Introduction
With all the hype surrounding ChatGPT, let’s try to understand and wrap our head around how the GPT model essentially works.
And for this, we have this amazing resource that Karpathy he himself provides:
Let’s build GPT: from scratch, in code, spelled out.
Before we dive into this, it is recommendable to read Attention is All You Need
Terminology and concepts
Block Size
When we train the transformer, we train random little chunks at a time and the maximum length here will be called block size(a.k.a context length). When we think of language, the length increases with time so this can also be thought of as the time dimension.
For example when we have 9 elements in a list, we have 8 examples of dependencies that can be used to predict the next input.
1
tensor([18, 47, 56, 57, 58, 1, 15, 47, 58])
This will make it more efficient for us as we can start sampling generation later on with context as little as of one word. After block size, we will need to truncate for transformers can not deal large sizes of data.
Batch Size
On another note, we also care about batch dimensions. When we have multiple patches of sequences, how are we going to parallelize these? For the training efficiency of GPUs we stack them to a single tensor but in the training phase, it does not affect each other.
The tensors for our inputs and targets are seperately defined. You can see that both have the shape of batch size * block size - 4 * 8 in our case. This way for each batch we can generate sequences of 8 blocks and the 4 independent batches are sent to traverse through our model.
Bigram Model
The model will refer to the embedding table to find the corresponding row to the given index(word).
This embedding table will take the shape of (B, T, C) which denotes B: batch size, T: time(block size) and C: channels, meaning vocab size.
However the results from the bigram model won’t be stellar. It’s a simple one, so what do you expect? There’s definitely room to improve.
Past context
Now we want the tokens in a single batch to interact with each other but in a unidirectional way, from the left to the right. So we take the average of the preceding components.
The weights for the embedding matrix in the bigram model is (T, T) while the input will be (B, T, C). As the dimensions do not match for matrix multiplication, torch will add a batch dimension at the top hence (B, T, T) @ (B, T , C) = (B, T, C)
Tril will take the lower triangle of the matrix which is important for us because we only take information into account that travels to the right.
Now we will also run the weights through the softmax. If you think about the nature of softmax functions, the negative infinity will mask the upper triangle as the exponential in the softmax will return values to 0.
Position Embeddings
We also encode the position embeddings alongside the token embeddings. This will become useful for self-attention heads.
Self-attention
Now we include the data context into our weights using self-attention. Every single token will emit a query and a key.
Query: What am I looking for?
Key: What do I contain?
And the dot product of these two elements become weights. If the two align, it will result in a high value. The queries here are still indepedent of each other but the dot product between the queries and keys will render weights to be data-dependent.
Now we introduce a new variable, “value” which is just x propagated through a linear layer. The output will be the dotproduct of weights and values.
So the queries will specify what they are looking for: which position it is in, if it’s looking for a vowel after a consonant or not. And the key will tell you the answers to it. These two combined, will tell you the affinity of these interactions.

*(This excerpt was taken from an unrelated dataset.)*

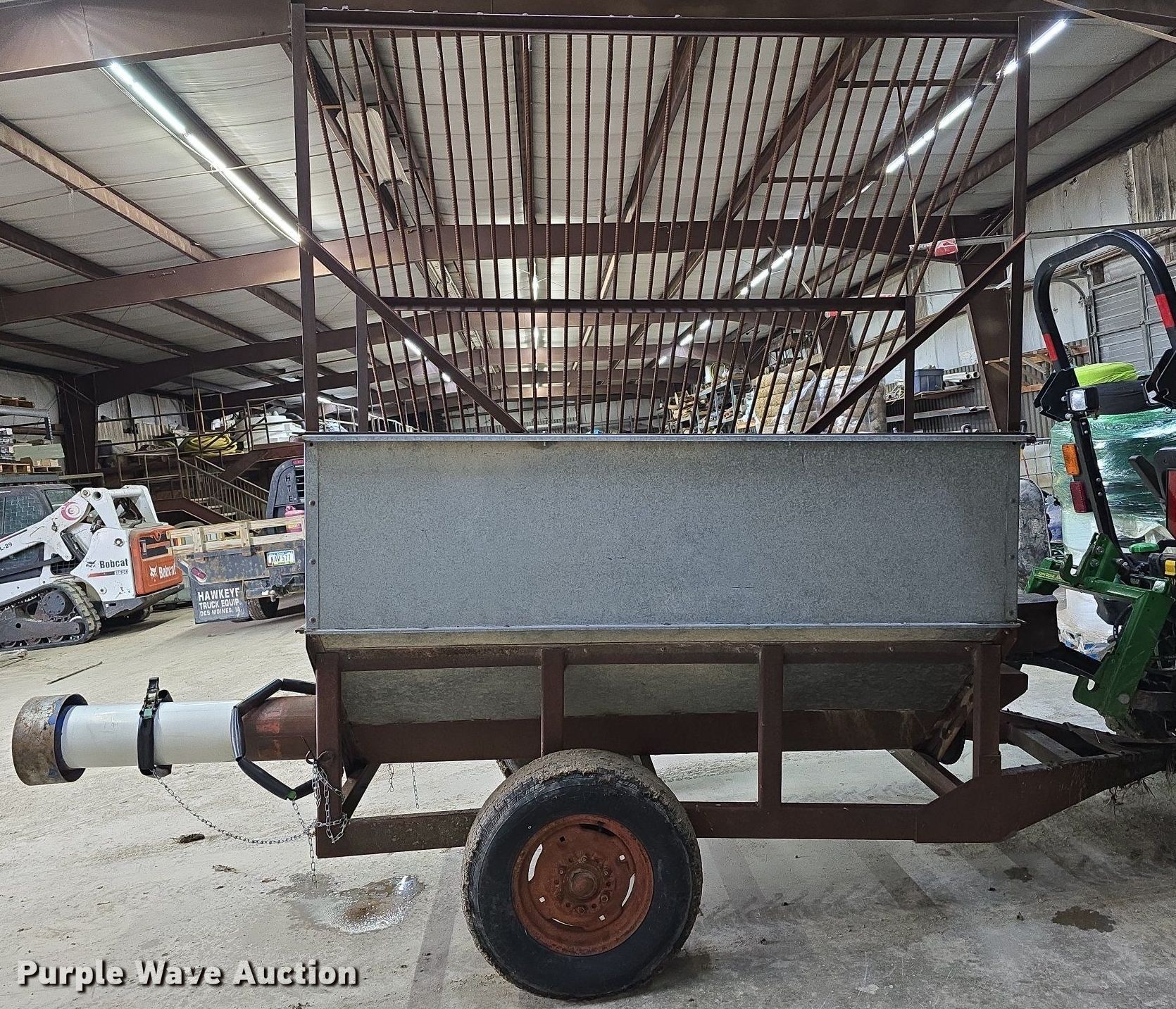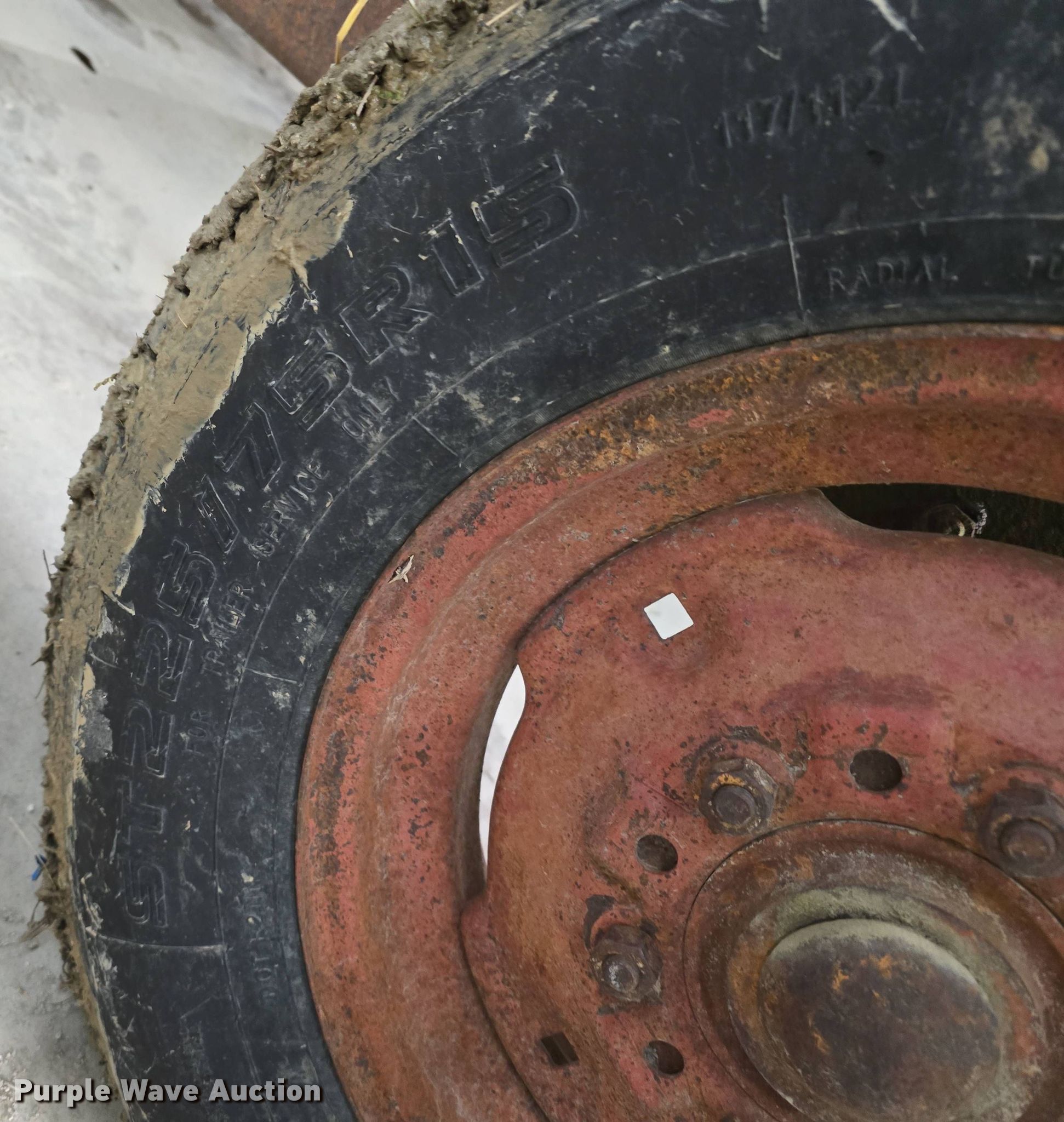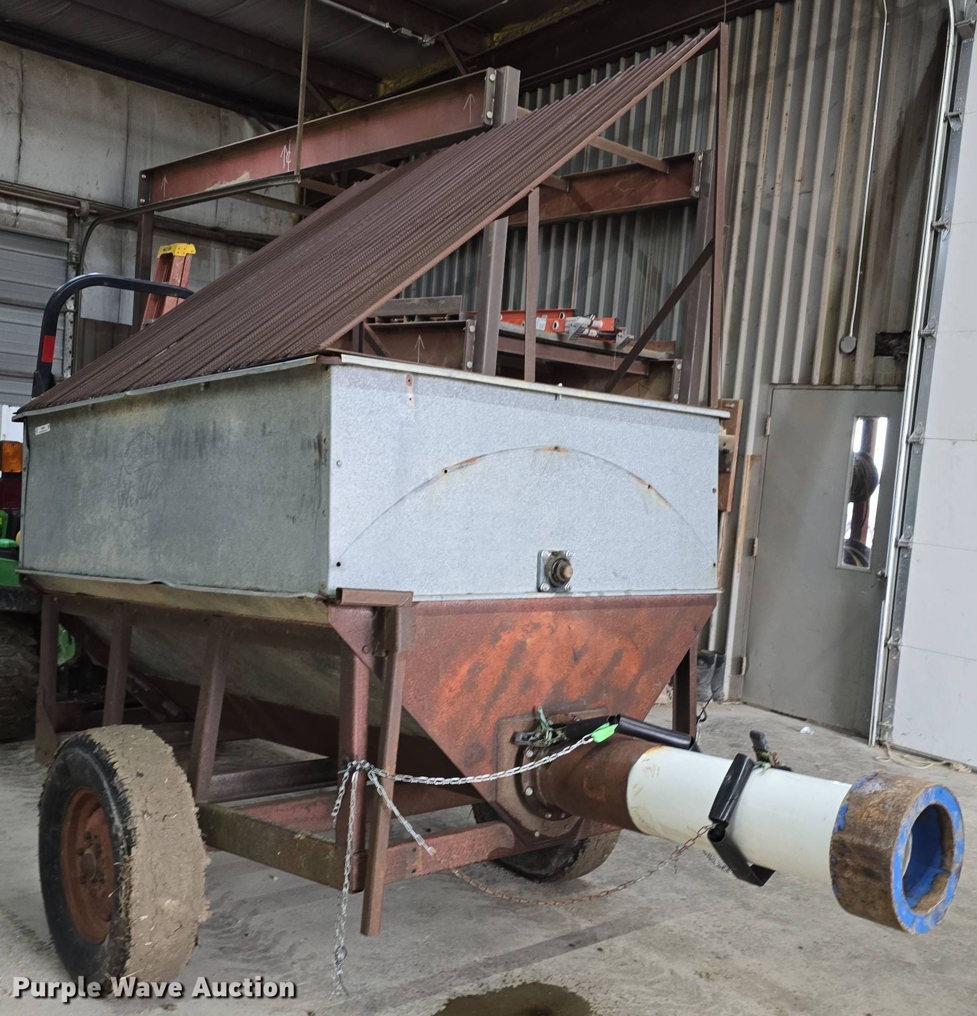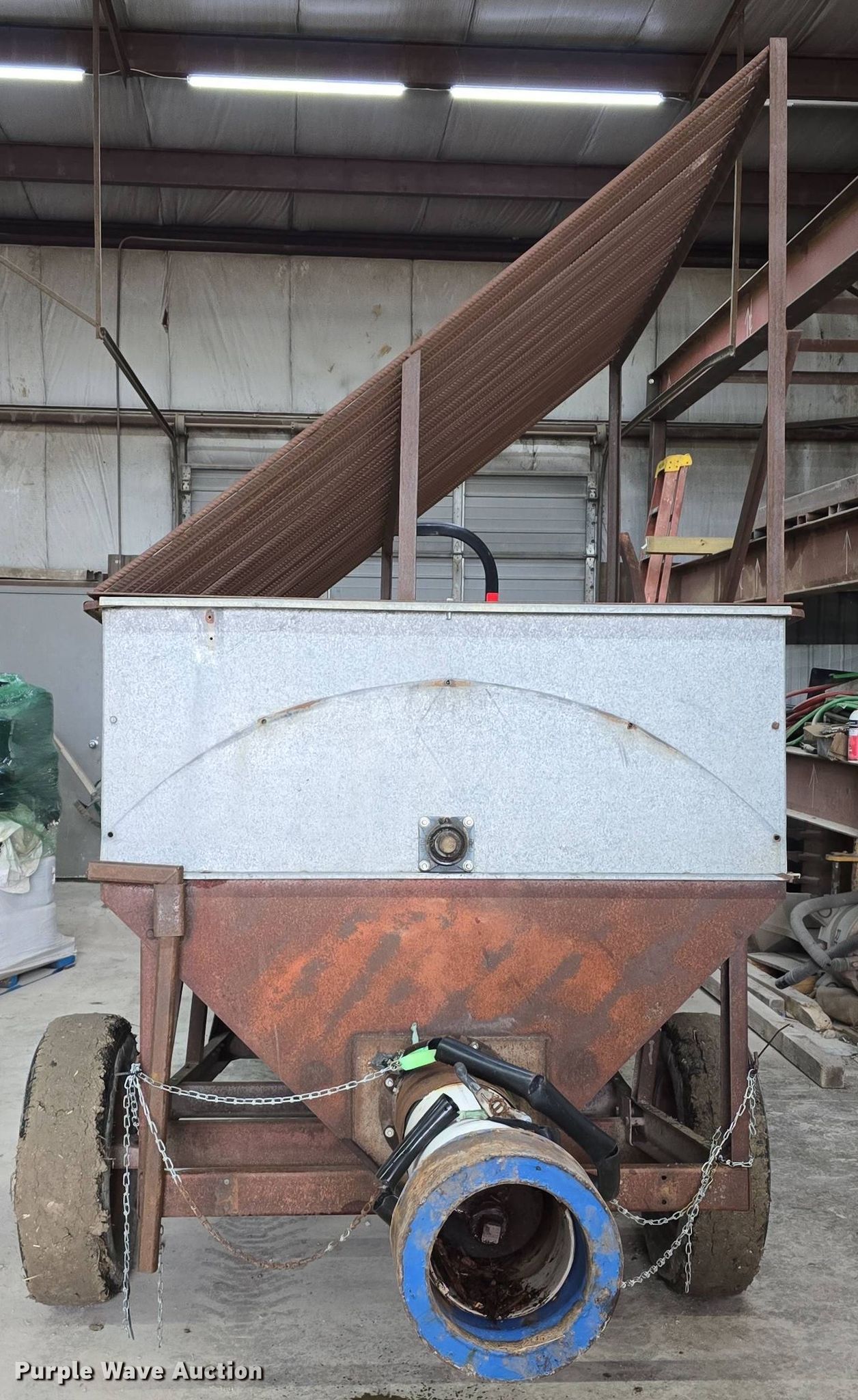 Silt sock builder. Dimensions. Overall: 13' L x 74" W, Side height: 114". Features Auger diameter: 8", Sleeve diameter: 12", Grizzly bars 75" L x 86" W, Spacing: 1 3/4", Hopper tub 84" L x 58" W x 44" H, PTO: 540. Chassis Landing gear: Single. Tires Steel wheels, Size: ST225/75R15. Notes Tractor not included, Pallet of sock sleeves included. Blue Marble Environmental. Adair, IA 50002

Now the value will take these weights and be added into the output. “Assess how important you think I am and include me!”
Notes
- Self-attention is a communication mechanism and can be applied to any arbitrary directional graph.
- There is no notion of space, so you need positional encodings. Meanwhile, CNNs do provide an idea of positions.
- All examples in the batch dimension are independent.
- If you are doing sentiment analysis, you might do away with tril and let all the nodes communicate with each other.
- Cross-attention: Keys, queries and values don’t need to come from the same source. Keys and values can be from seperate sources that we would like to pool attention from.
- Since weights are fed into softamx, it’s important for them to be fairly diffused - that is with fixed variance. If the values are very extreme positive & negative values, softmax will converge to one-hot vectors. We can implement this by dividing with the root of head size.
Multi-headed Self-attention
Applying multi heads and concatenate them, similar to group convolutions. After the attention head, the model needs time to process the data it was given. This is implemented through feed forward which consists of a linear layer and relu. This happens per node and therefore is independent.
Now we need to intersperse the communication with the computation. So it groups them and communicates them. To make things work channel-wise, we set head size to the number of embeddings divided by number of heads.
Skip Connections
To maintain the connections whilst depth, we use skip connections. The residual pathway can be forked away from. While backpropagation, it travels through back equally for addittions, so the gradients will make it all the way back from the supervision to the input, unimpeded.
In the beginning, it’s almost as if it’s not there but with optimization, they came online overtime and start to contribute.
LayerNorm
Normalizes the rows instead of the columns. They will have unit Gaussian.
Dropouts
Every forward/backward path, it shuts off some subset of neurons, randomly drops them to 0 and train without them, so it trains an ensemble of subnetworks. If we scale up the model, it will help prevent overfitting.